> Task statement:
Below are some records. Retype exactly the lines from the one containing "在网传的现场图片中,记者看到" through the one containing "Statement Green Peacock", both included, skipping every picture.

> Entries supplied:
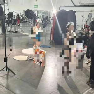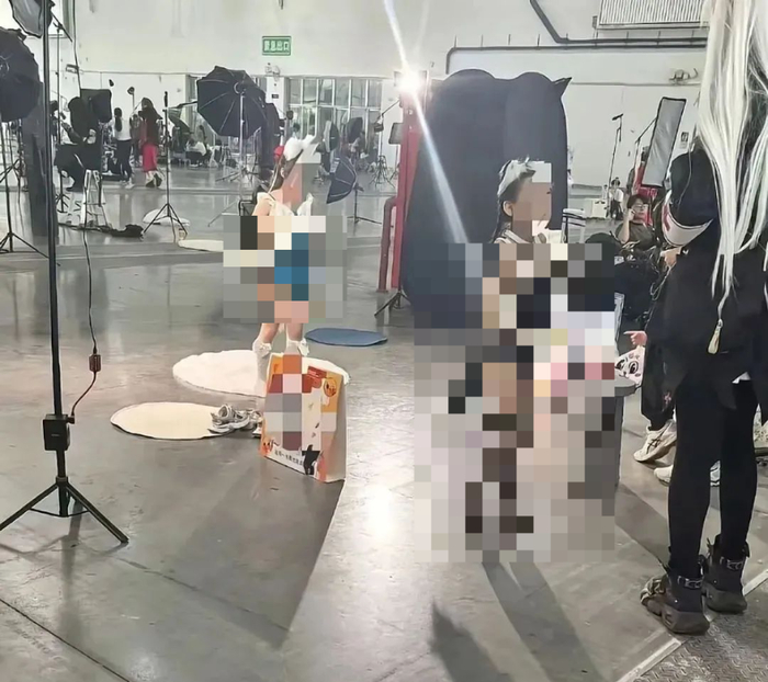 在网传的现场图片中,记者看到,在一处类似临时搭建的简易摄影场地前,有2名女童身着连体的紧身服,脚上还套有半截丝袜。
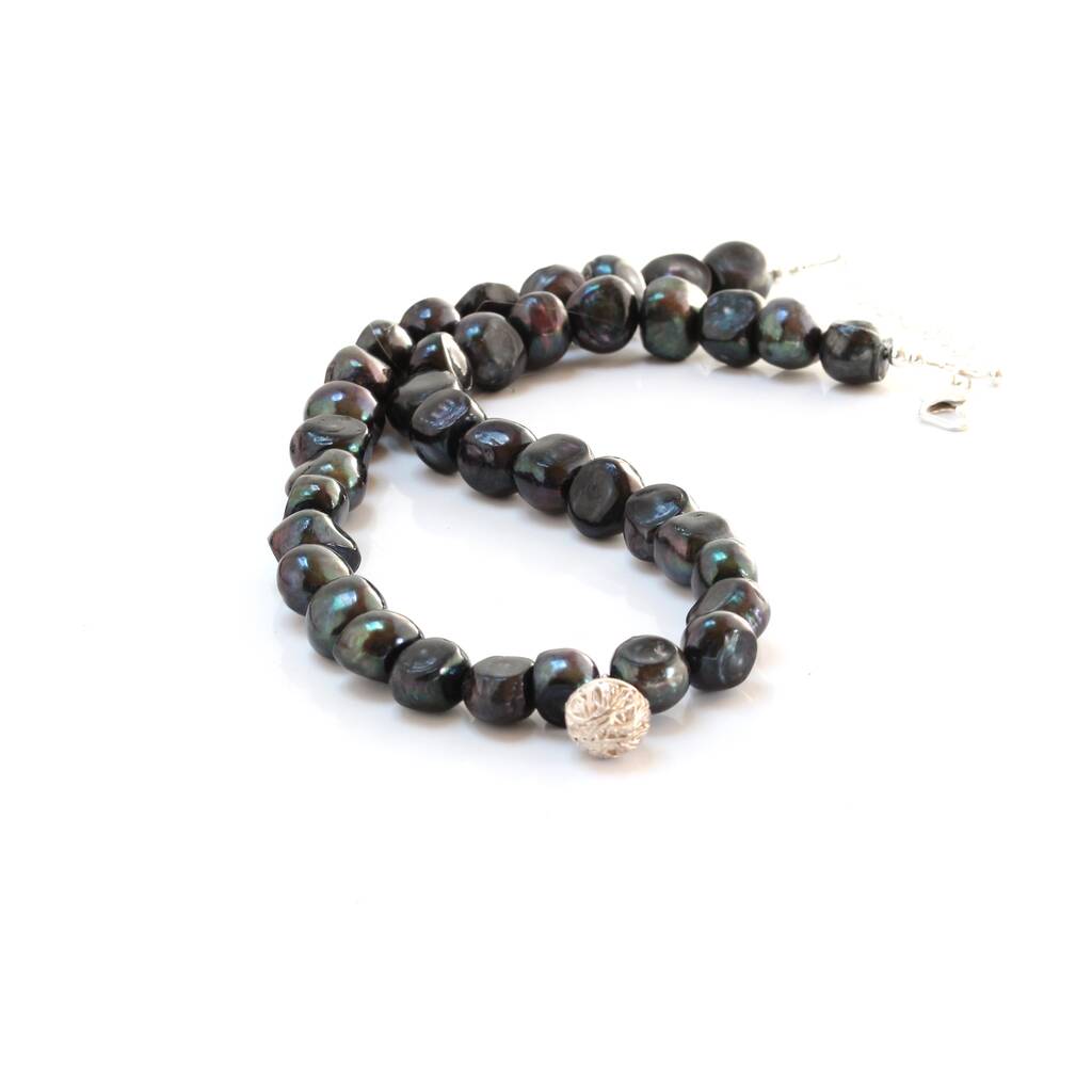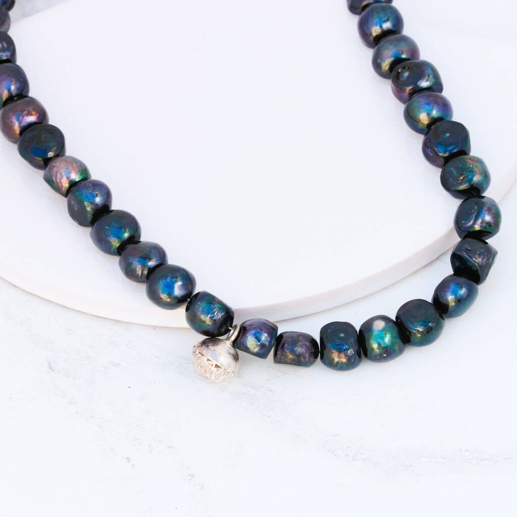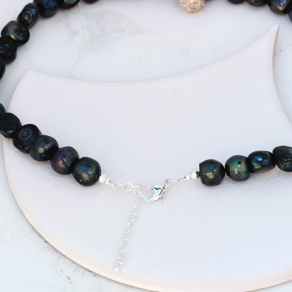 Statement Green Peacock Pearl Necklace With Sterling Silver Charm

---

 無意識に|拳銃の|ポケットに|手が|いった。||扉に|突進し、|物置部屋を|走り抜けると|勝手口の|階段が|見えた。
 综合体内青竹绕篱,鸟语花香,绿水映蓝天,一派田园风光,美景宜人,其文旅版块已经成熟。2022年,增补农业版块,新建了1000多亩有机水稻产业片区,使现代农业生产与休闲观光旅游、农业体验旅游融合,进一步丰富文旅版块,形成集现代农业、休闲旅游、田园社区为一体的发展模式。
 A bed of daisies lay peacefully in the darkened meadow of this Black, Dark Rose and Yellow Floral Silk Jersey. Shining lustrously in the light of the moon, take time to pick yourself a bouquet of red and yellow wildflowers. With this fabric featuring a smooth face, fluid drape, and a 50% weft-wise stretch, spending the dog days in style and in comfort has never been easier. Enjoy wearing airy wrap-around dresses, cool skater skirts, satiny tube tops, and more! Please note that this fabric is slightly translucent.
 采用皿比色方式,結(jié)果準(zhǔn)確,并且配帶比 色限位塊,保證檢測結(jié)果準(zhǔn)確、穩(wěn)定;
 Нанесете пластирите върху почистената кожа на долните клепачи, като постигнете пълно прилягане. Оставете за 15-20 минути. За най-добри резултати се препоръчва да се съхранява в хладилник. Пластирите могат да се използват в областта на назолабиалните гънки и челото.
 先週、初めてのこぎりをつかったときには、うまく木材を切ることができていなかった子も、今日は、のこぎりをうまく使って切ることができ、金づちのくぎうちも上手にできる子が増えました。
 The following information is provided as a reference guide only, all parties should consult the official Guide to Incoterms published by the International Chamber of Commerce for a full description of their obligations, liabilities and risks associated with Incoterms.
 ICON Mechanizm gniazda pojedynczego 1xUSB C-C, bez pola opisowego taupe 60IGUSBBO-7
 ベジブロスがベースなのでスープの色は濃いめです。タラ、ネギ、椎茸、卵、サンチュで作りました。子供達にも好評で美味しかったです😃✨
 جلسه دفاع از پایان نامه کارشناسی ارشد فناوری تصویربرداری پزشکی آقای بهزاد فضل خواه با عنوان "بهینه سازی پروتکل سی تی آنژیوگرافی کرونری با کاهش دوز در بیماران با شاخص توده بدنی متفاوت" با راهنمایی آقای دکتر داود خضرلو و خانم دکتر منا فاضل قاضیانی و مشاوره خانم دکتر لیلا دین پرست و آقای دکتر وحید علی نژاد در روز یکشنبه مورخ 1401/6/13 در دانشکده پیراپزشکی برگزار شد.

> Response to the task:
 在网传的现场图片中,记者看到,在一处类似临时搭建的简易摄影场地前,有2名女童身着连体的紧身服,脚上还套有半截丝袜。
 Statement Green Peacock Pearl Necklace With Sterling Silver Charm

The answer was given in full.